Brief
Set down all of the data exactly. Pictures stay out of the copy.

Dataset section
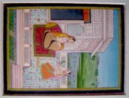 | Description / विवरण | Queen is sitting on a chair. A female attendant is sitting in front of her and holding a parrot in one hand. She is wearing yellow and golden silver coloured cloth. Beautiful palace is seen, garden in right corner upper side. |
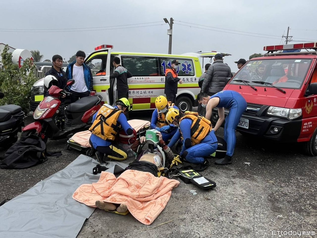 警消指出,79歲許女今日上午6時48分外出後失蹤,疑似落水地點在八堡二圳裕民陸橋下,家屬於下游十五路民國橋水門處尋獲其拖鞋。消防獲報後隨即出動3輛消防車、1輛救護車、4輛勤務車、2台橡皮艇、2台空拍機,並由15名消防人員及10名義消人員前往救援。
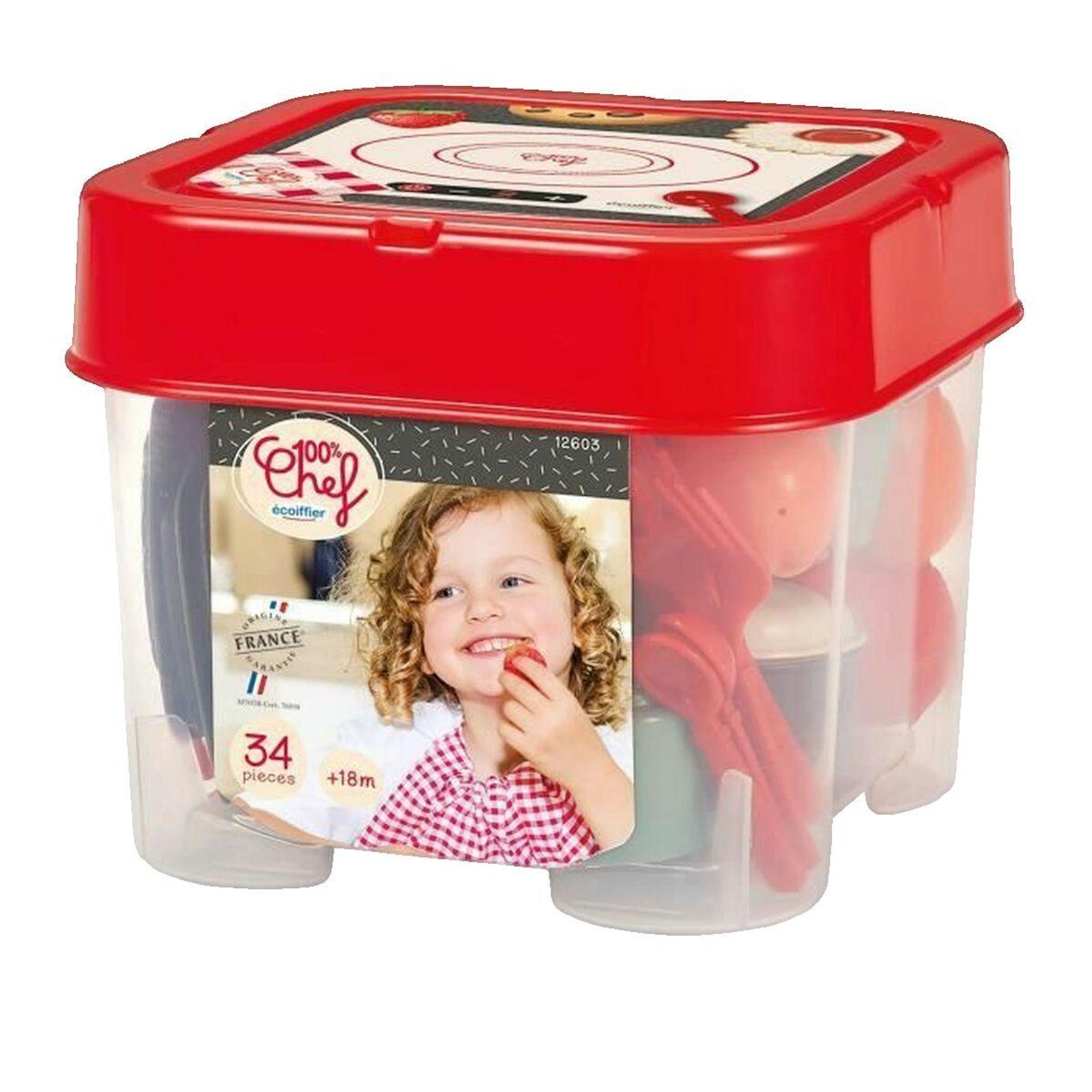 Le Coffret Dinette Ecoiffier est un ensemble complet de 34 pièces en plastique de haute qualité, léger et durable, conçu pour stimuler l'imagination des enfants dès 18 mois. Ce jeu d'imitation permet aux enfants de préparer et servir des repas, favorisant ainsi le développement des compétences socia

Written solution
 | Description / विवरण | Queen is sitting on a chair. A female attendant is sitting in front of her and holding a parrot in one hand. She is wearing yellow and golden silver coloured cloth. Beautiful palace is seen, garden in right corner upper side. |
 警消指出,79歲許女今日上午6時48分外出後失蹤,疑似落水地點在八堡二圳裕民陸橋下,家屬於下游十五路民國橋水門處尋獲其拖鞋。消防獲報後隨即出動3輛消防車、1輛救護車、4輛勤務車、2台橡皮艇、2台空拍機,並由15名消防人員及10名義消人員前往救援。
 Le Coffret Dinette Ecoiffier est un ensemble complet de 34 pièces en plastique de haute qualité, léger et durable, conçu pour stimuler l'imagination des enfants dès 18 mois. Ce jeu d'imitation permet aux enfants de préparer et servir des repas, favorisant ainsi le développement des compétences socia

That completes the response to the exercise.